Task to complete:
Each entry should be restated word for word, with all pictures left out.

======== Data to use ========

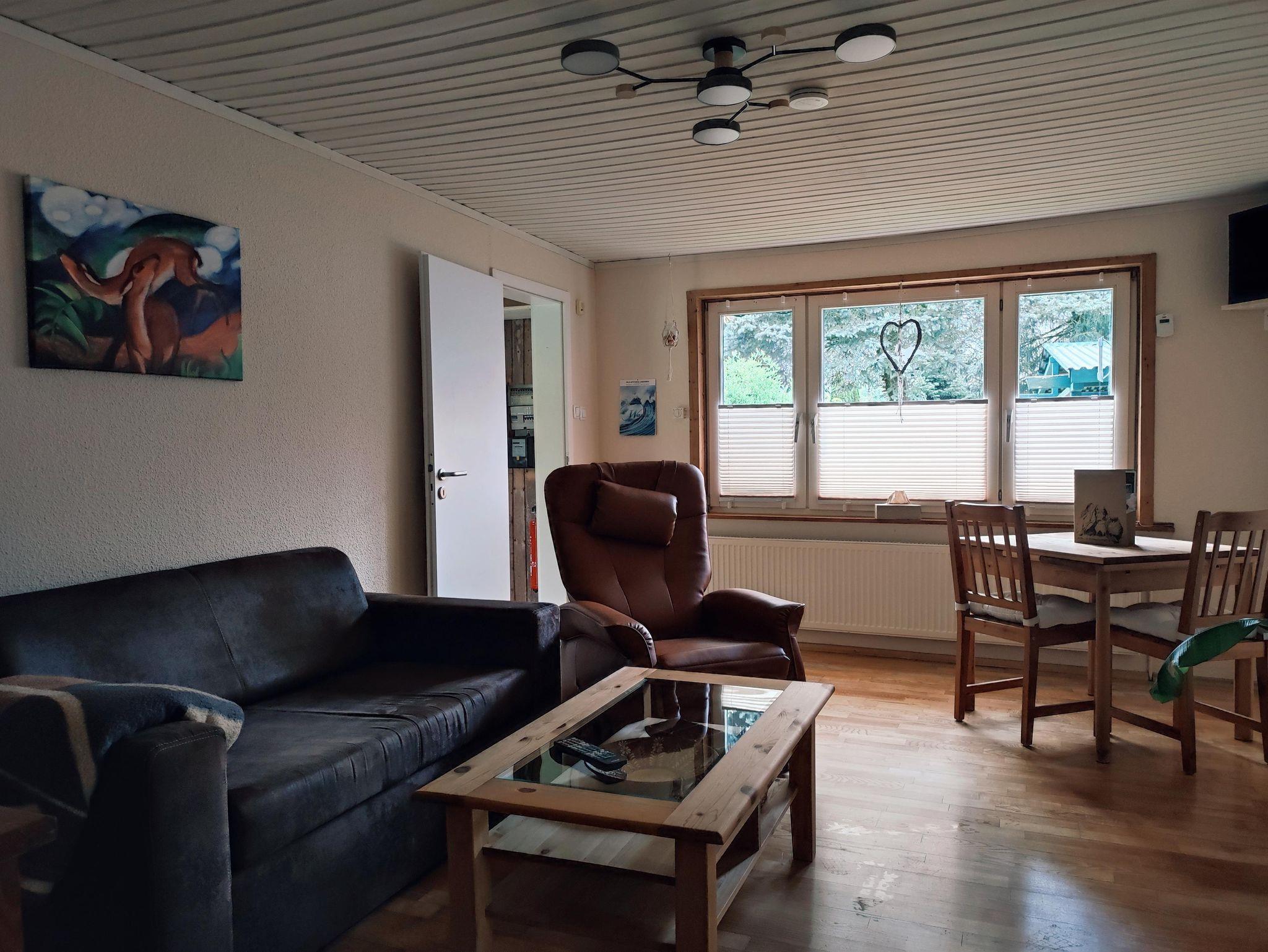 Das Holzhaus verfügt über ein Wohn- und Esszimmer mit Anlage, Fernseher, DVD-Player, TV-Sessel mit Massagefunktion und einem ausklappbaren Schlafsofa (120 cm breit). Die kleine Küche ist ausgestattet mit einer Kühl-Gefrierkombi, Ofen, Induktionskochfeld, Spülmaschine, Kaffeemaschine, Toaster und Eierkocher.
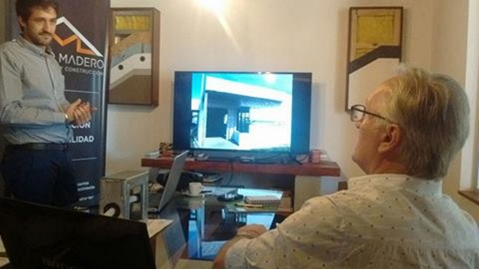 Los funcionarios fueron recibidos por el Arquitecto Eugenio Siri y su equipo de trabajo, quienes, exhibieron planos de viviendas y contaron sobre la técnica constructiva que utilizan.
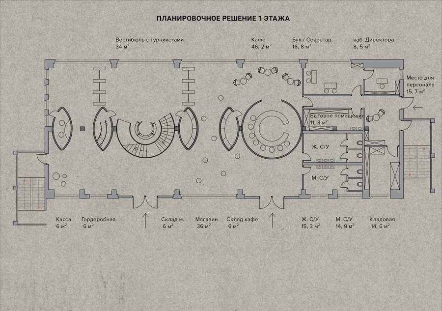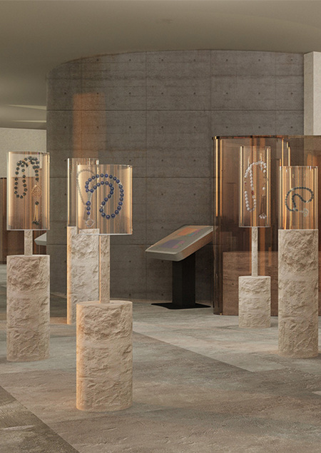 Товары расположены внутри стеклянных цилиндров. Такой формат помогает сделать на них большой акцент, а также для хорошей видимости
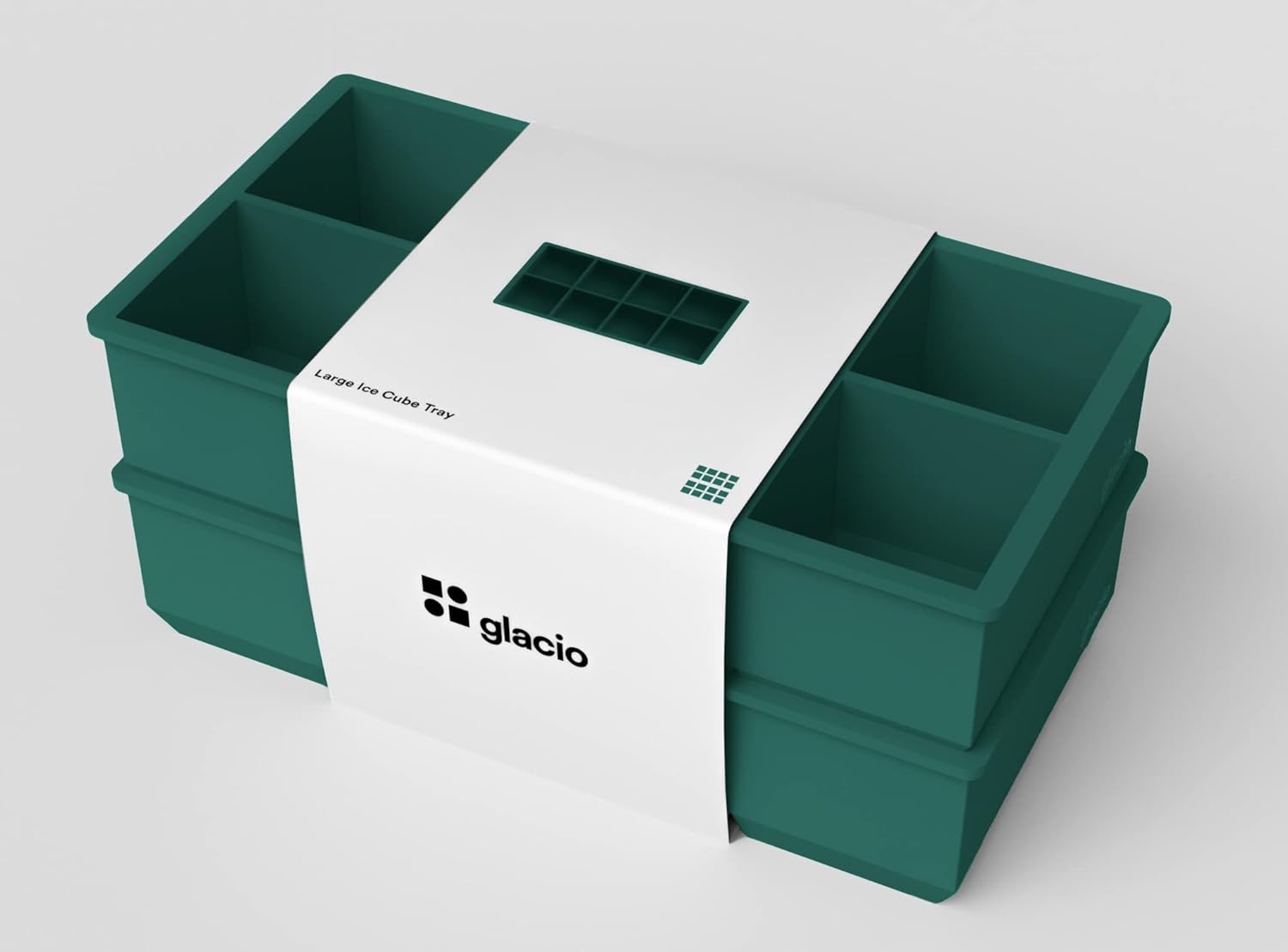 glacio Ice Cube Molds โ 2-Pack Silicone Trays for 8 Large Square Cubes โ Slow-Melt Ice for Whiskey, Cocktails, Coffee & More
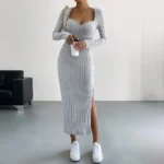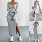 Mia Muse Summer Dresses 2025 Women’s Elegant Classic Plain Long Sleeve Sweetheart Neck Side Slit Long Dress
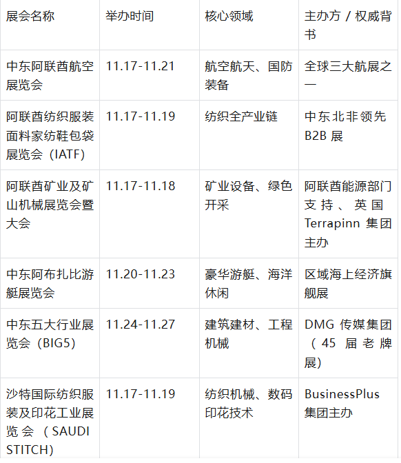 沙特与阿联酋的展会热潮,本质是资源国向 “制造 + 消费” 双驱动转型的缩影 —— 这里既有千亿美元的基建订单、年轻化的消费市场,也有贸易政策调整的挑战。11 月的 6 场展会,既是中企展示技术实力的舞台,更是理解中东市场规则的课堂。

========

Task result:
 Das Holzhaus verfügt über ein Wohn- und Esszimmer mit Anlage, Fernseher, DVD-Player, TV-Sessel mit Massagefunktion und einem ausklappbaren Schlafsofa (120 cm breit). Die kleine Küche ist ausgestattet mit einer Kühl-Gefrierkombi, Ofen, Induktionskochfeld, Spülmaschine, Kaffeemaschine, Toaster und Eierkocher.
 Los funcionarios fueron recibidos por el Arquitecto Eugenio Siri y su equipo de trabajo, quienes, exhibieron planos de viviendas y contaron sobre la técnica constructiva que utilizan.
 Товары расположены внутри стеклянных цилиндров. Такой формат помогает сделать на них большой акцент, а также для хорошей видимости
 glacio Ice Cube Molds โ 2-Pack Silicone Trays for 8 Large Square Cubes โ Slow-Melt Ice for Whiskey, Cocktails, Coffee & More
 Mia Muse Summer Dresses 2025 Women’s Elegant Classic Plain Long Sleeve Sweetheart Neck Side Slit Long Dress
 沙特与阿联酋的展会热潮,本质是资源国向 “制造 + 消费” 双驱动转型的缩影 —— 这里既有千亿美元的基建订单、年轻化的消费市场,也有贸易政策调整的挑战。11 月的 6 场展会,既是中企展示技术实力的舞台,更是理解中东市场规则的课堂。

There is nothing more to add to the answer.